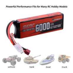 SUNPADOW 2S Lipo Battery 7.4V 6000mAh 70C Soft Pack with Deans T Plug for RC Car Boat Airplane Truck Tank Vehicle Truggy Buggy
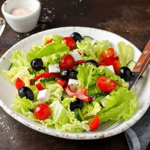 Fresh mix greens with peppers, onions, cucumbers, tomatoes, grape leaves, pepperoncini, olives, feta cheese
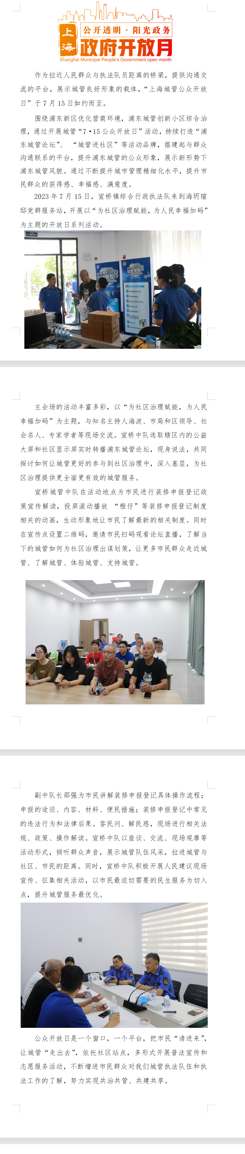 为社区治理赋能,为人民幸福加码——浦东新区宣桥镇开展2023年“政府开放日”活动
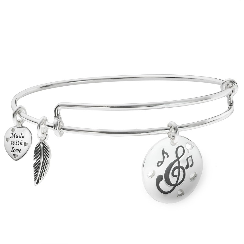 Sterling Silver Love Music Heart Feather Dangle Charm Expandable Bangle Bracelet
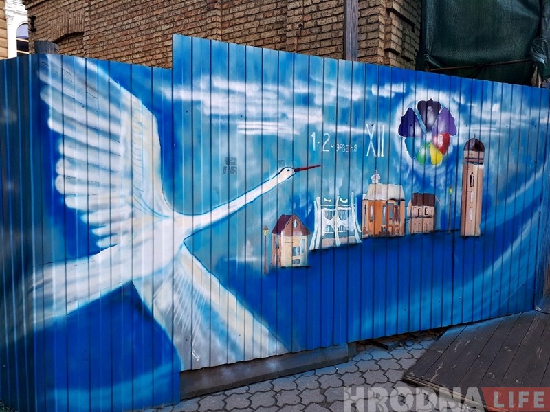 Меньше двух недель остается до Фестиваля национальных культур. Городские службы вовсю готовят Гродно к праздничным мероприятиям — красятся дома, ремонтируют дороги и даже украшают строительные ограждения. Увидеть красиво отделанную ограду можно, например, около синагоги.
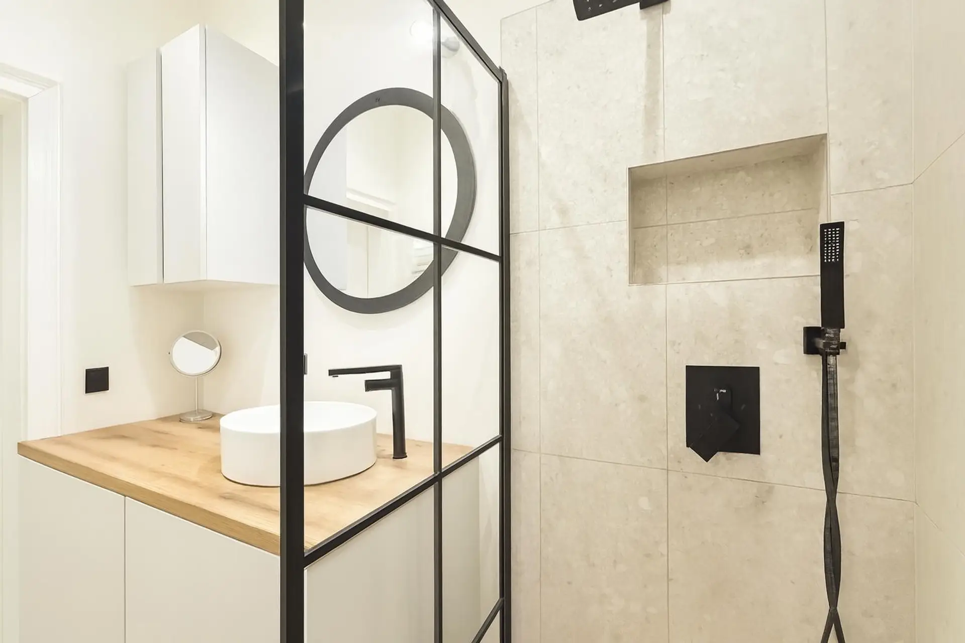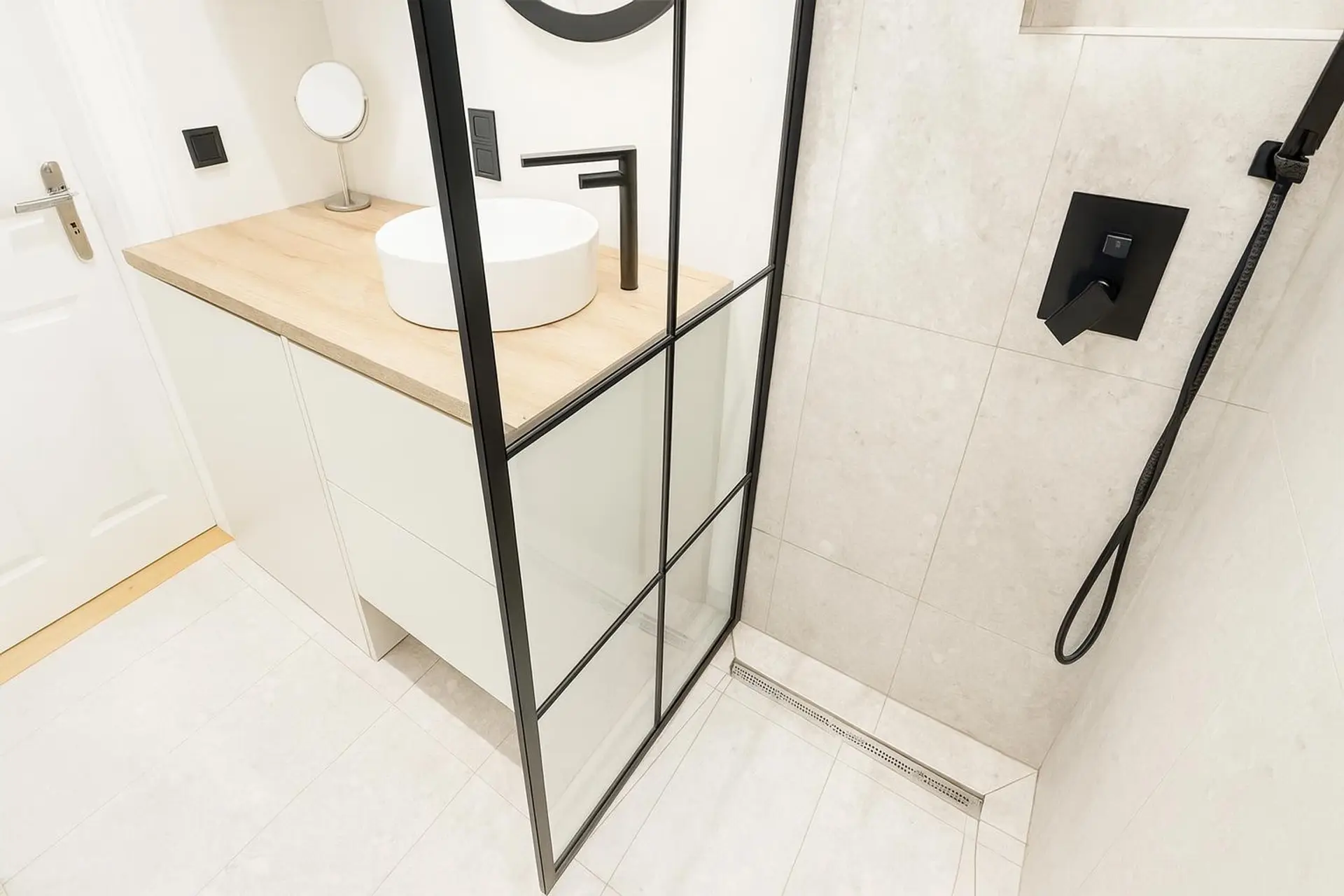 • Badezimmer mit Walk-In-Dusche, Waschtisch und Waschmaschine
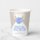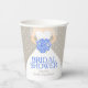 Elegante vestido de novia con un ramo de rosas azules estilizadas y corazón gris lluvia taza de papel desechable para ducha de novia. Edite estas tazas con el nombre de la novia para honrarla. Ideal para usar en una fiesta de ducha de novia y coincide con el conjunto de boda de rosas azules del ramo. Otras opciones de colores están disponibles. © Arte gráfico original y diseño de Sarah Trett. www.mylittleedenweddings.com
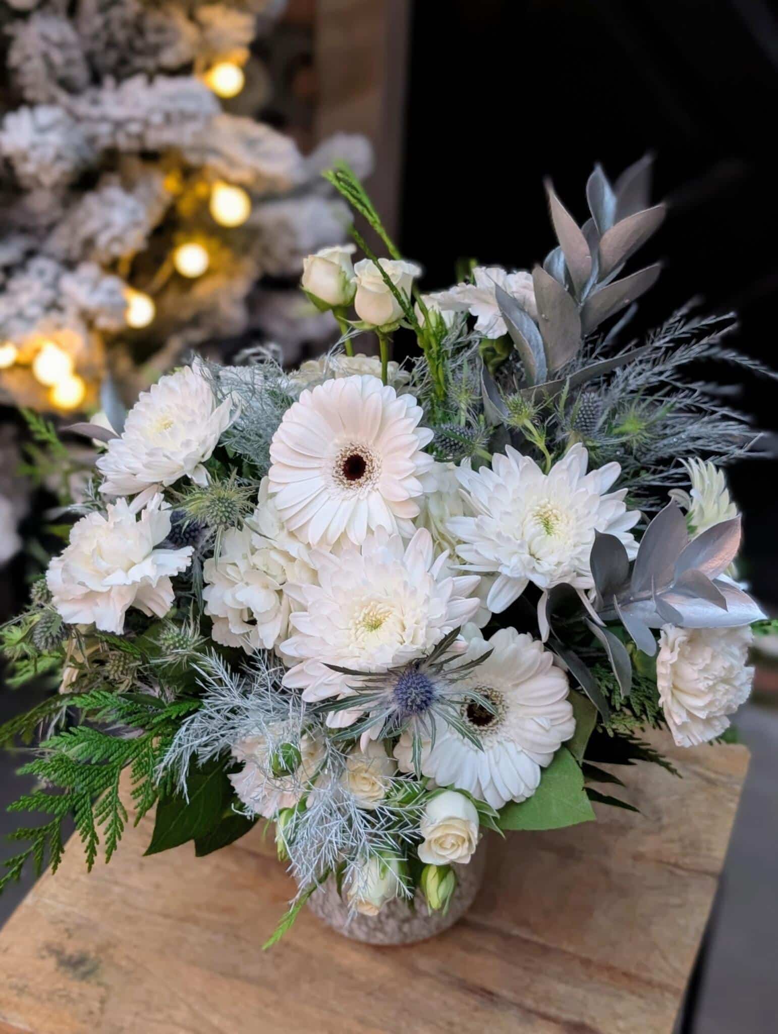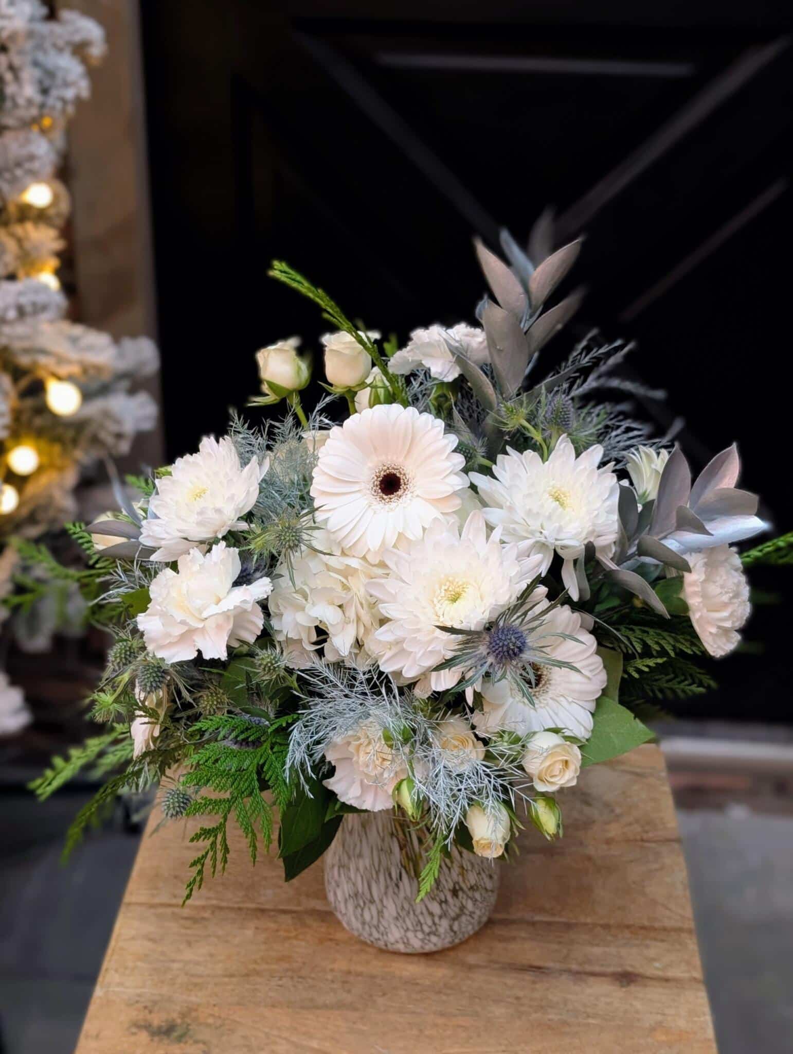 • This soft wintery arrangement comes in a beautiful white speckled vase
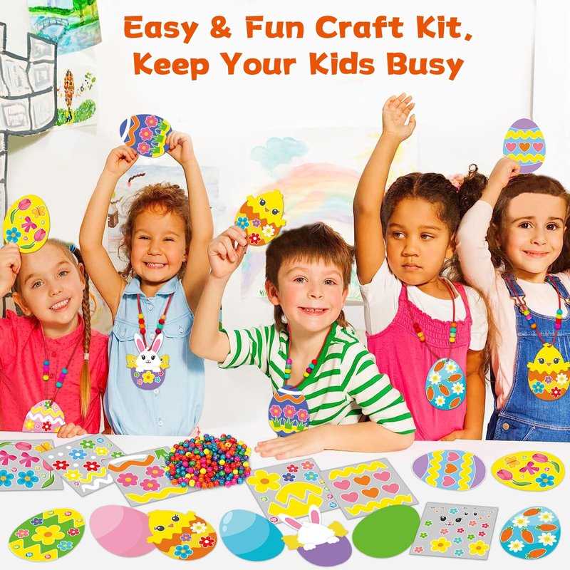 Qyeahkj 32 Set Easter Egg Craft Kit for Kids Easter Bunny Necklaces Beads Ornaments DIY Spring Sticker Arts Crafts Activities Make Your Own Hanging Decor Supplies for Home School Classroom Party Favor

########

Task to complete » Output all the data above verbatim, leaving out images.

Written response »
 SUNPADOW 2S Lipo Battery 7.4V 6000mAh 70C Soft Pack with Deans T Plug for RC Car Boat Airplane Truck Tank Vehicle Truggy Buggy
 Fresh mix greens with peppers, onions, cucumbers, tomatoes, grape leaves, pepperoncini, olives, feta cheese
 为社区治理赋能,为人民幸福加码——浦东新区宣桥镇开展2023年“政府开放日”活动
 Sterling Silver Love Music Heart Feather Dangle Charm Expandable Bangle Bracelet
 Меньше двух недель остается до Фестиваля национальных культур. Городские службы вовсю готовят Гродно к праздничным мероприятиям — красятся дома, ремонтируют дороги и даже украшают строительные ограждения. Увидеть красиво отделанную ограду можно, например, около синагоги.
 • Badezimmer mit Walk-In-Dusche, Waschtisch und Waschmaschine
 Elegante vestido de novia con un ramo de rosas azules estilizadas y corazón gris lluvia taza de papel desechable para ducha de novia. Edite estas tazas con el nombre de la novia para honrarla. Ideal para usar en una fiesta de ducha de novia y coincide con el conjunto de boda de rosas azules del ramo. Otras opciones de colores están disponibles. © Arte gráfico original y diseño de Sarah Trett. www.mylittleedenweddings.com
 • This soft wintery arrangement comes in a beautiful white speckled vase
 Qyeahkj 32 Set Easter Egg Craft Kit for Kids Easter Bunny Necklaces Beads Ornaments DIY Spring Sticker Arts Crafts Activities Make Your Own Hanging Decor Supplies for Home School Classroom Party Favor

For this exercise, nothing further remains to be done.